## WORK TASK
Only the lines below from the one that holds "IWC Super Clone" through the one that holds "グリーン & ゴールド プリント ラグ: 礼拝用の高級祈りマット" should appear in the answer, copied exactly, end lines included and pictures omitted.

## GIVEN ENTRIES
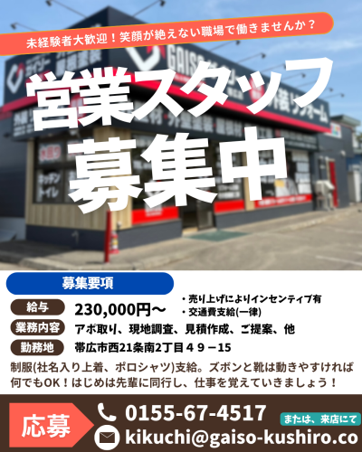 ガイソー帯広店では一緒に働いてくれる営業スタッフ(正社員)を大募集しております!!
==
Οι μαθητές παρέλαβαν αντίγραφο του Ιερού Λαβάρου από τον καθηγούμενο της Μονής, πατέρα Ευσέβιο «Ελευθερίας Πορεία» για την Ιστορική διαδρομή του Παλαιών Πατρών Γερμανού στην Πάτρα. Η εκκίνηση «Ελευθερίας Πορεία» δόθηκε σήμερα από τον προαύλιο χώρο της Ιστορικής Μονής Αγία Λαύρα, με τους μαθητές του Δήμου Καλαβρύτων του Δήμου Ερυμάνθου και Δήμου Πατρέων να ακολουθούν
---
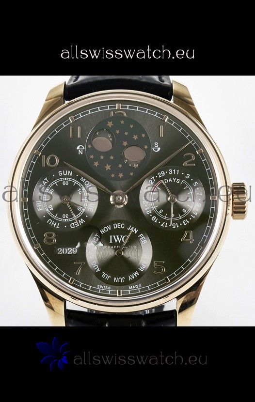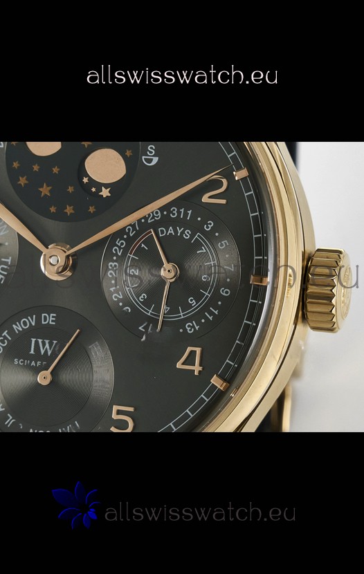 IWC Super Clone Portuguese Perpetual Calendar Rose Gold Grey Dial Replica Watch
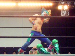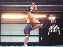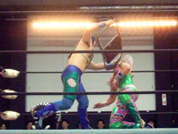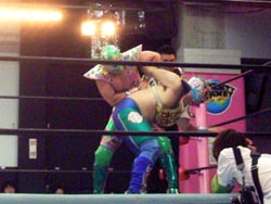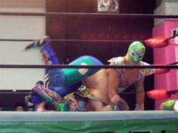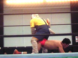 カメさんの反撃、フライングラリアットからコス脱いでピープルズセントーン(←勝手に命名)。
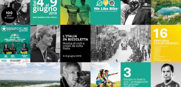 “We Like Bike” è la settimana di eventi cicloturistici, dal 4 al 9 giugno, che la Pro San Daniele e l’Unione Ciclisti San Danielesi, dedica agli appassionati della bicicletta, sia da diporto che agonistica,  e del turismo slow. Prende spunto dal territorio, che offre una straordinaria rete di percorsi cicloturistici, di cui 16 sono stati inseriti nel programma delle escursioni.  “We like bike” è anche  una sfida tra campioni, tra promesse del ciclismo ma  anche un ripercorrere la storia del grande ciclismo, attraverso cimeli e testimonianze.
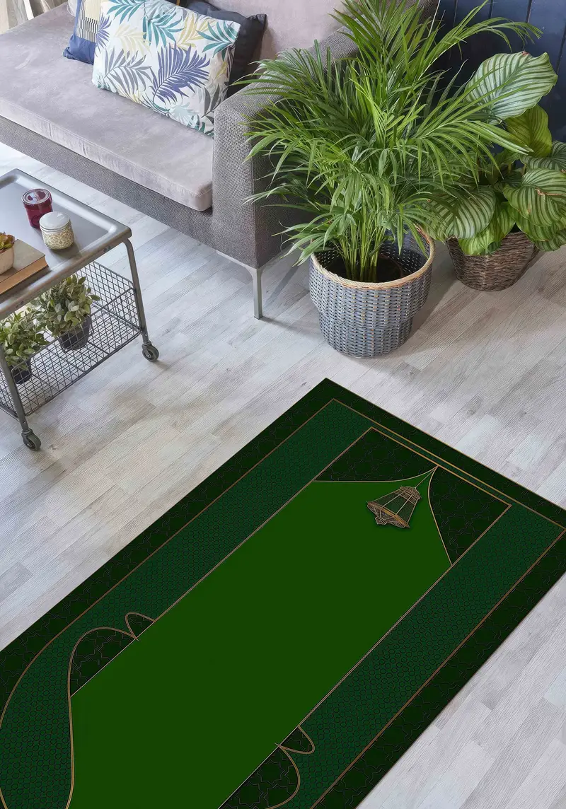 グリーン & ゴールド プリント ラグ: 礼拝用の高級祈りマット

## TASK RESPONSE
 IWC Super Clone Portuguese Perpetual Calendar Rose Gold Grey Dial Replica Watch
 カメさんの反撃、フライングラリアットからコス脱いでピープルズセントーン(←勝手に命名)。
 “We Like Bike” è la settimana di eventi cicloturistici, dal 4 al 9 giugno, che la Pro San Daniele e l’Unione Ciclisti San Danielesi, dedica agli appassionati della bicicletta, sia da diporto che agonistica,  e del turismo slow. Prende spunto dal territorio, che offre una straordinaria rete di percorsi cicloturistici, di cui 16 sono stati inseriti nel programma delle escursioni.  “We like bike” è anche  una sfida tra campioni, tra promesse del ciclismo ma  anche un ripercorrere la storia del grande ciclismo, attraverso cimeli e testimonianze.
 グリーン & ゴールド プリント ラグ: 礼拝用の高級祈りマット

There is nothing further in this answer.